WU Qingcong1;CHEN Bai1;ZHANG Zuguo1;LIANG Conghui2;LI Xiong2;WU Hongtao1

1.College of Mechanical and Electrical Engineering，Nanjing University of Aeronautics and Astronautics，Nanjing，210016
2.Tencent Robotics X Lab，Tencent Technology（Shenzhen） Co.，Ltd.，Shenzhen，Guangdong，518000

Online:2021-12-10 Published:2021-12-23

软质肘关节外骨骼的肌力矩估计与神经网络补偿协调控制

吴青聪1;陈柏1;张祖国1;梁聪慧2;黎雄2;吴洪涛1

1.南京航空航天大学机电学院，南京，210016
2.腾讯科技（深圳）有限公司Robotics X实验室，深圳，518000

作者简介:吴青聪，男，1988年生，博士、副教授。研究方向为康复机器人、外骨骼机器人、人机协调控制、生机电系统。E-mail：wuqc@nuaa.edu.cn。
基金资助:
国家自然科学基金（52175014）；
江苏省自然科学基金（BK20211183）；
中央高校基本科研业务费专项资金（NT2020012）；
电子学会-腾讯Robotics X犀牛鸟专项研究计划（2020-01-008）

Abstract

Abstract: In order to assist the patients with hemiplegia to carry out multi-mode elbow rehabilitation training， a soft elbow rehabilitation exoskeleton robot was developed. In addition， a coordination control strategy was proposed based on human muscle torque estimation and adaptive neural network compensation. The surface electromyogram signals were used to identify the motion intention of human and adjust the trajectory of rehabilitation training. The closed-loop control stability of the control algorithm was proved by Lyapunov method. A real-time control experimental platform was established to conduct the trajectory tracking experiments and free active training experiments based on human motion intention. The experimental results show that the proposed control strategy may guarantee the trajectory tracking accuracy in passive training processes. Moreover， the movement trajectory in active training processes may be adjusted based on the motion intention of patients and realize active rehabilitation training with different intensities.
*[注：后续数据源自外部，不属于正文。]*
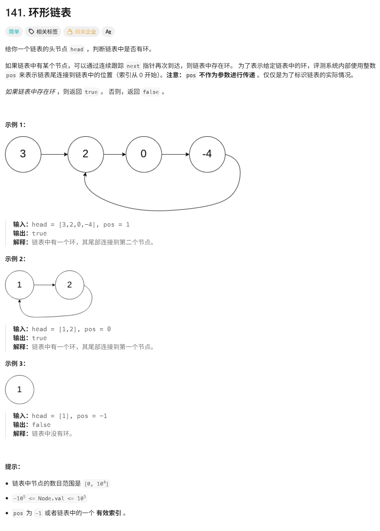 这是题目内容,如果想自己尝试,链接:https://leetcode.cn/problems/linked-list-cycle
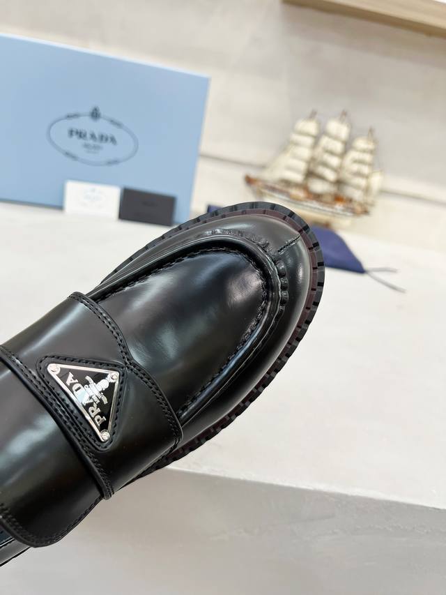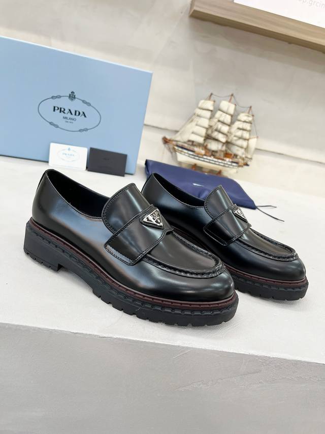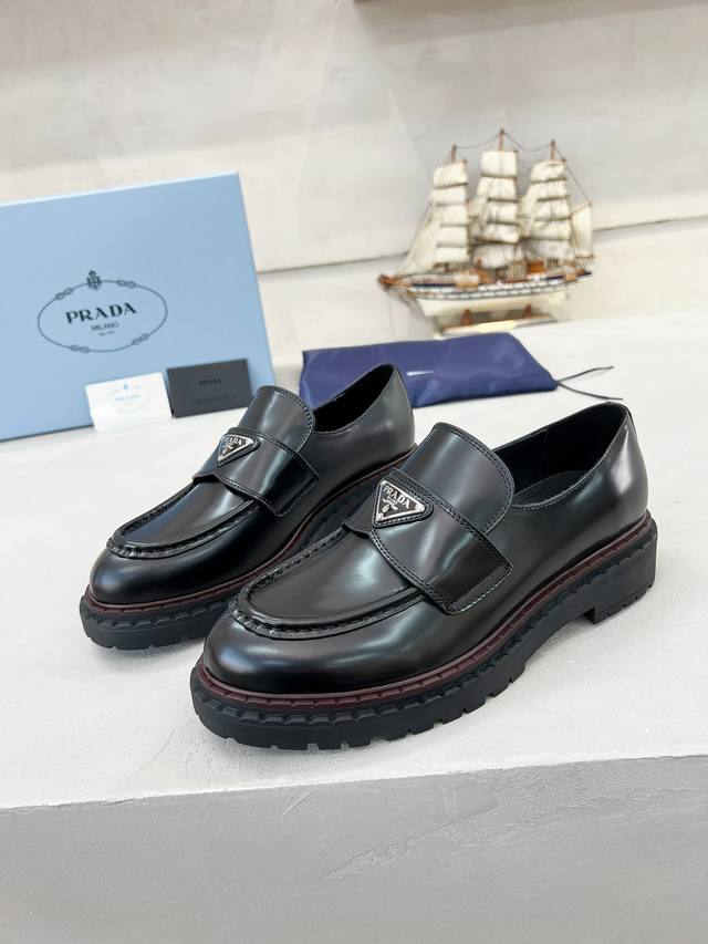 Factory Price: Prada men's and women's shoes, best-selling items in boutiques, same as the official website, high-quality delivery. Material: Original calfskin. Lining: Cowhide insole + cowhide lining. Outsole: Original TPU outsole. Sizes: Unisex: 35-45. Men's sizes +10.
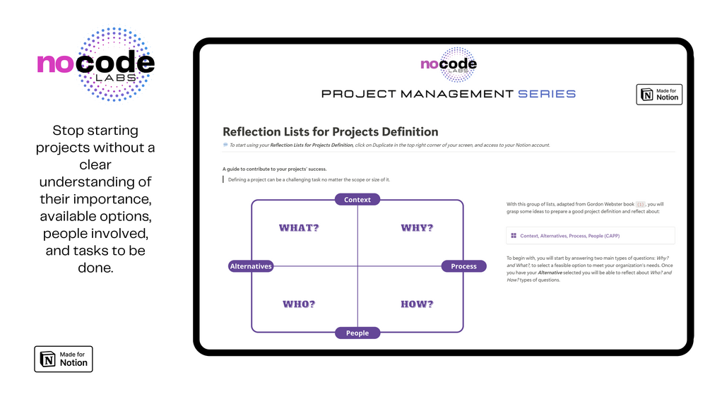 You will find a Notion page with more than 30 questions related to: Context, Alternatives, People, and Process to elaborate your project definition. Those questions are “things to reflect about” so, maybe you don’t have an answer at the very beginning of the project, but you probably put some on your radar and they will help you when things are clearer.

Key words: soft elbow exoskeleton, muscle torque estimation, adaptive neural network, motion intention, coordination control

摘要： 为辅助偏瘫患者进行多模式肘关节康复训练，研制了一种软质肘关节康复外骨骼机器人，并提出了一种基于人体肌力矩估计与自适应神经网络补偿的协调控制策略。利用表面肌电信号来识别人体的运动意图并调整康复训练轨迹，采用Lyapunov方法证明了控制算法的闭环控制稳定性。搭建了实时控制实验平台，并开展了基于运动意图的轨迹跟踪实验与自由主动训练实验。实验结果表明，所提控制策略能保证被动训练过程的轨迹跟踪精度，并且可以根据患者的运动意图调整主动训练过程的运动轨迹，实现不同强度的主动康复训练。

关键词: 软质肘关节外骨骼, 肌力矩估计, 自适应神经网络, 运动意图, 协调控制

CLC Number:

TP242

WU Qingcong, CHEN Bai, ZHANG Zuguo, LIANG Conghui, LI Xiong, WU Hongtao. Muscle Torque Estimation and Neural Network Compensation Coordination Control of Soft Elbow Exoskeletons[J]. China Mechanical Engineering, 2021, 32(23): 2868-2875.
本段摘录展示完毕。